Student’s t-distribution Formula

To calculate CI for sample from “unknown” population:

\(\text{CI} = \bar{y} \pm t \cdot \frac{s}{\sqrt{n}}\)

Where:

  • ȳ is sample mean
  • 𝑛 is sample size
  • s is sample standard deviation
  • t t-value corresponding the probability of the CI
  • t in t-table for different degrees of freedom (n-1)

Lecture 4: Student’s t-distribution Table

Here is a t-table

  • Values of t that correspond to probabilities
  • Probabilities listed along top
  • Sample dfs are listed in the left-most column
  • Probabilities are given for one-tailed and two-tailed “questions”

Lecture 4: One-tailed Questions

One-tailed questions: area of distribution left or (right) of a certain value

  • n=20 (df=19) - 90% of the observations found left
  • t= 1.328 (10% are outside)

Lecture 4: Two-tailed Questions

Two-tailed questions refer to area between certain values

  • n= 20 (df=19), 90% of the observations are between
  • t=-1.729 and t=1.729 (10% are outside)

Lecture 4: t-distribution CI Example

Let’s calculate CIs again:

Use two-sided test

  • 95% CI Sample A: = 272.8 ± 2.262 * (37.81/(9^0.5)) = 1.650788
  • The 95% CI is between 244.3 and 301.3
  • “The 95% CI for the population mean from sample A is 272.8 ± 28.5”

Lecture 4: Intro to Hypothesis Testing

Hypothesis testing is a systematic way to evaluate research questions using data.

Key components:

  1. Null hypothesis (H₀): Typically assumes “no effect” or “no difference”

  2. Alternative hypothesis (Hₐ): The claim we’re trying to support

  3. Statistical test: Method for evaluating evidence against H₀

  4. P-value: Probability of observing our results (or more extreme) if H₀ is true

  5. Significance level (α): Threshold for rejecting H₀, typically 0.05

Decision rule: Reject H₀ if p-value < α

Lecture 4: Hypothesis Testing in Original Scale

Hypothesis testing is a systematic way to evaluate research questions using data.

Key components:

  1. Null hypothesis (H₀): Typically assumes “no effect” or “no difference”

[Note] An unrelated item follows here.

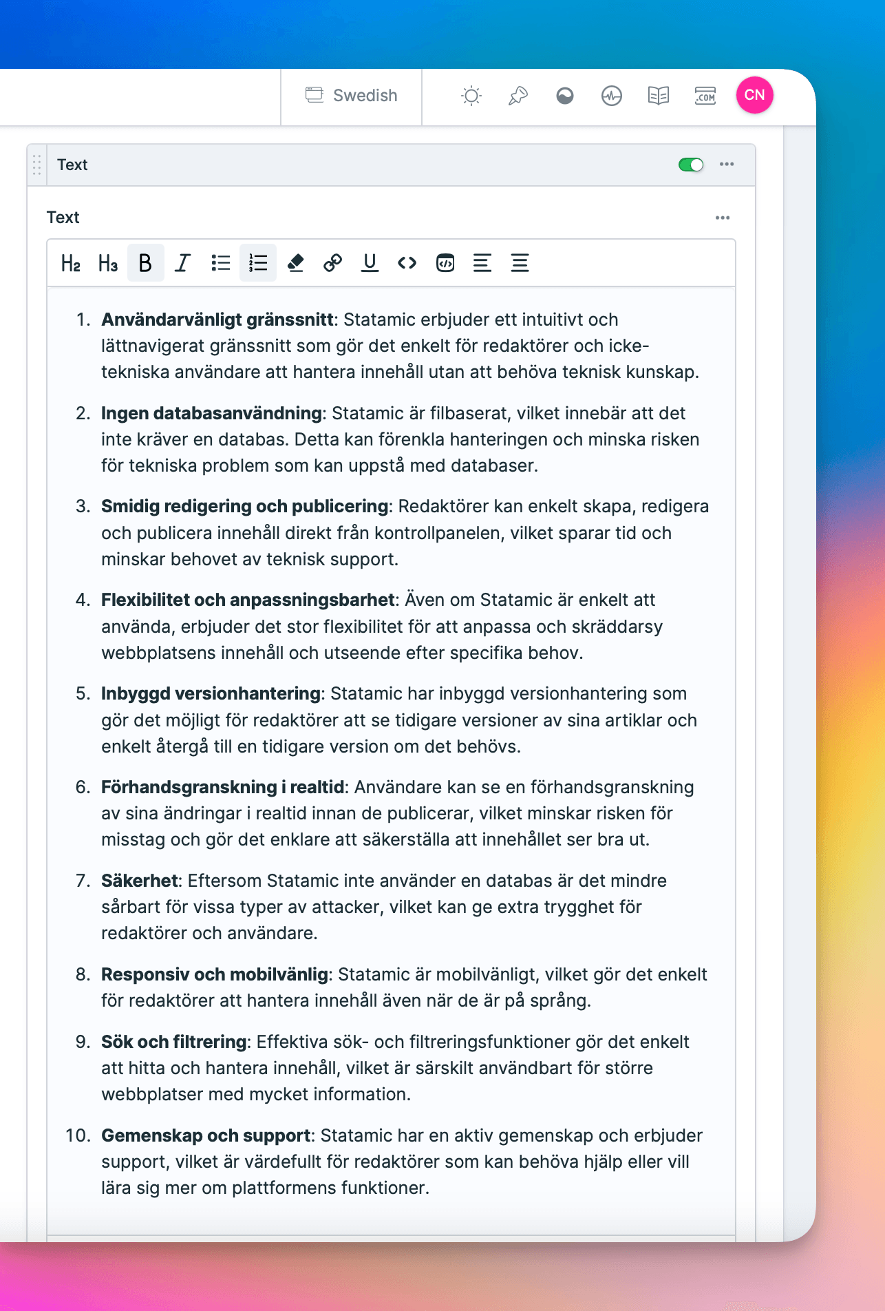 Flexibelt för redaktören med många möjligheter att anpassa sitt innehåll

  2. Alternative hypothesis (Hₐ): The claim we’re trying to support

  3. Statistical test: Method for evaluating evidence against H₀

  4. P-value: Probability of observing our results (or more extreme) if H₀ is true

  5. Significance level (α): Threshold for rejecting H₀, typically 0.05

Decision rule: Reject H₀ if p-value < α

Practice Exercise 5: One-Sample t-Test

Practice Exercise 5: Lets practice a One-Sample t-Test

Let’s perform a one-sample t-test to determine if the mean fish length in Toolik Lake differs from 50 mm:

# get only lake I3
i3_df <- grayling_df %>% filter(lake=="I3")

# what is the mean
i3_mean <- mean(i3_df$length_mm, na.rm=TRUE)
cat("Mean:", round(i3_mean, 1), "mm\n")
Mean: 265.6 mm
# Perform a one-sample t-test
t_test_result <- t.test(i3_df$length_mm, mu = 260)

# View the test results
t_test_result

    One Sample t-test

data:  i3_df$length_mm
t = 1.6091, df = 65, p-value = 0.1124
alternative hypothesis: true mean is not equal to 260
95 percent confidence interval:
 258.6481 272.5640
sample estimates:
mean of x 
 265.6061 

Interpret this test result by answering these questions:

  1. What was the null hypothesis?
  2. What was the alternative hypothesis?
  3. What does the p-value tell us?
  4. Should we reject or fail to reject the null hypothesis at α = 0.05?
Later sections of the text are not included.